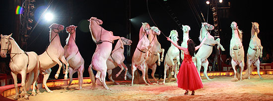Jana Mandana zeigt anschliessend Klassische Hohe Schule in Perfektion. Zu feurigen Klängen wird ein Potpourri der schönen Figuren des Dressurreitens präsentiert. Anspruchsvolle Schrittfolgen kombiniert mit stimmungsvollen Gängen und Touren vereinen sich zu hippologischen Dressurbildern zum Träumen schön.. Jana Mandana - eine glückliche Frau auf einem glücklichen Pferd. Außerdem ein Hippologisches Potpourri edler Hengste zu Melodien aus "Carmen" Die Faszination edler Pferde zeigt sie aufs Vortrefflichste. Wie auf einem Pariser Laufsteg ziehen herrlichfeurige Araber und pastellfarbene Cremellos ihre Keise und werden mit leichter Hand präsentiert In einer "Parade der Schönheit" glänzen sie mit allen schwung-vollen und charmanten Figuren einer klassischen Freiheitsdressur und begeistern mit ihrer Kraft und Eleganz. Die edlen Hengste tanzen im Rhythmus der Musik und stehen für wahre Harmonie zwischen Mensch und Tier. Genießen Sie den prachtvollen Duft der Manegenfreiheit.
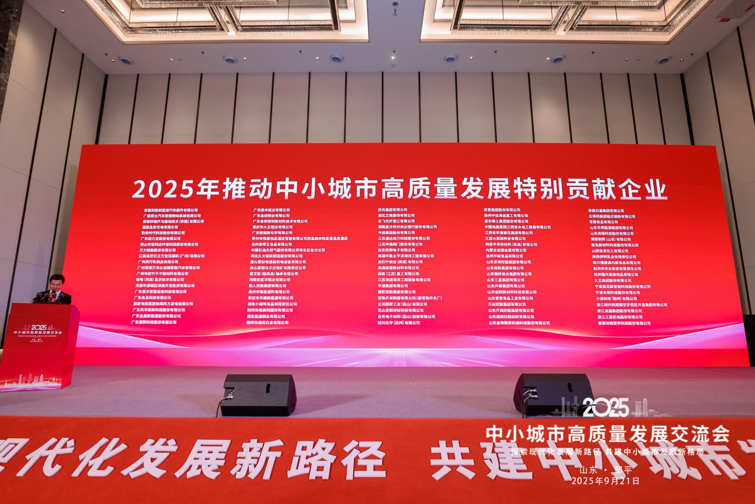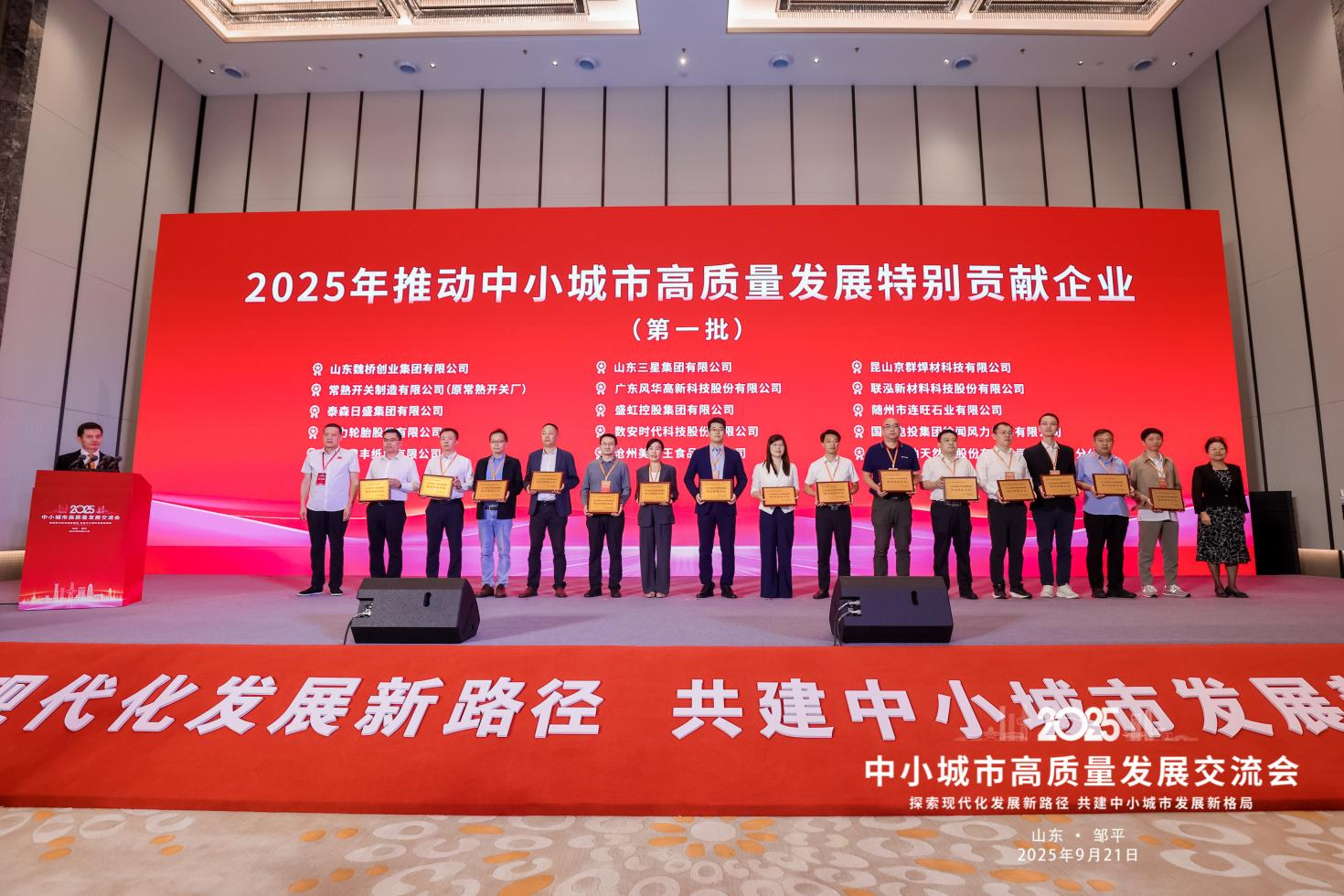 大會現(xiàn)場隆重揭曉了2025年“推動中小城市高質(zhì)量發(fā)展特別貢獻企業(yè)”名單,并對入圍企業(yè)予以表彰。山東三星集團憑借創(chuàng)新引領(lǐng)行業(yè)進步、產(chǎn)業(yè)帶動城鄉(xiāng)發(fā)展的突出貢獻成功入選。這一榮譽的獲得不僅是對企業(yè)多年來深耕實業(yè)、矢志創(chuàng)新的充分認可,更是對企業(yè)積極融入中小城市發(fā)展戰(zhàn)略、發(fā)揮龍頭企業(yè)帶動作用的高度肯定。
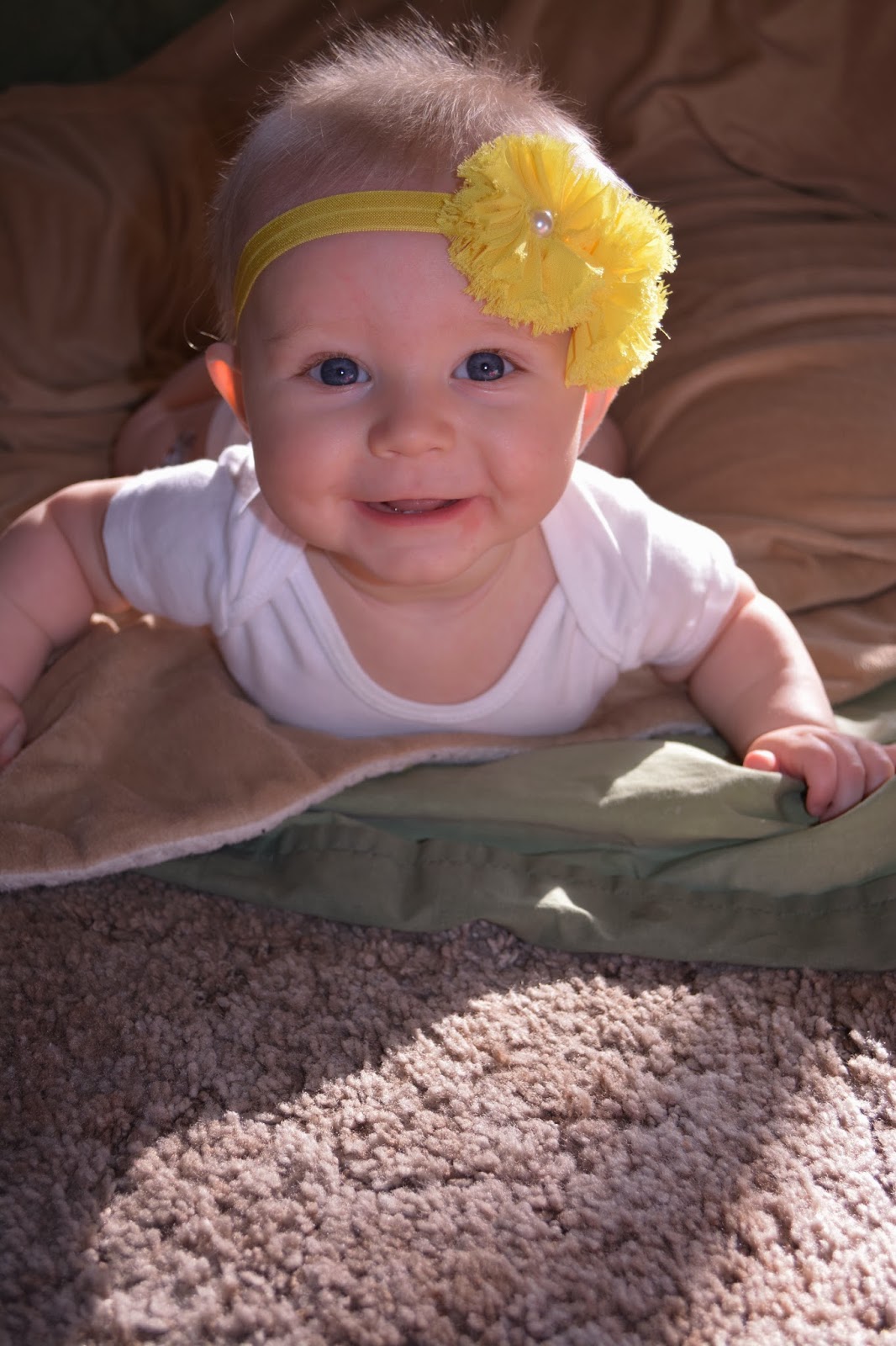 | My Favorite! The smile, the pose, and that you can see her little 6 month sticker. I wish the "lighting" were better. But, I guess you can't win them all. I am not to that part in my class yet! |

===

With the images removed, write out all of the material above exactly.

Jana Mandana zeigt anschliessend Klassische Hohe Schule in Perfektion. Zu feurigen Klängen wird ein Potpourri der schönen Figuren des Dressurreitens präsentiert. Anspruchsvolle Schrittfolgen kombiniert mit stimmungsvollen Gängen und Touren vereinen sich zu hippologischen Dressurbildern zum Träumen schön.. Jana Mandana - eine glückliche Frau auf einem glücklichen Pferd. Außerdem ein Hippologisches Potpourri edler Hengste zu Melodien aus "Carmen" Die Faszination edler Pferde zeigt sie aufs Vortrefflichste. Wie auf einem Pariser Laufsteg ziehen herrlichfeurige Araber und pastellfarbene Cremellos ihre Keise und werden mit leichter Hand präsentiert In einer "Parade der Schönheit" glänzen sie mit allen schwung-vollen und charmanten Figuren einer klassischen Freiheitsdressur und begeistern mit ihrer Kraft und Eleganz. Die edlen Hengste tanzen im Rhythmus der Musik und stehen für wahre Harmonie zwischen Mensch und Tier. Genießen Sie den prachtvollen Duft der Manegenfreiheit.
 大會現(xiàn)場隆重揭曉了2025年“推動中小城市高質(zhì)量發(fā)展特別貢獻企業(yè)”名單,并對入圍企業(yè)予以表彰。山東三星集團憑借創(chuàng)新引領(lǐng)行業(yè)進步、產(chǎn)業(yè)帶動城鄉(xiāng)發(fā)展的突出貢獻成功入選。這一榮譽的獲得不僅是對企業(yè)多年來深耕實業(yè)、矢志創(chuàng)新的充分認可,更是對企業(yè)積極融入中小城市發(fā)展戰(zhàn)略、發(fā)揮龍頭企業(yè)帶動作用的高度肯定。
 | My Favorite! The smile, the pose, and that you can see her little 6 month sticker. I wish the "lighting" were better. But, I guess you can't win them all. I am not to that part in my class yet! |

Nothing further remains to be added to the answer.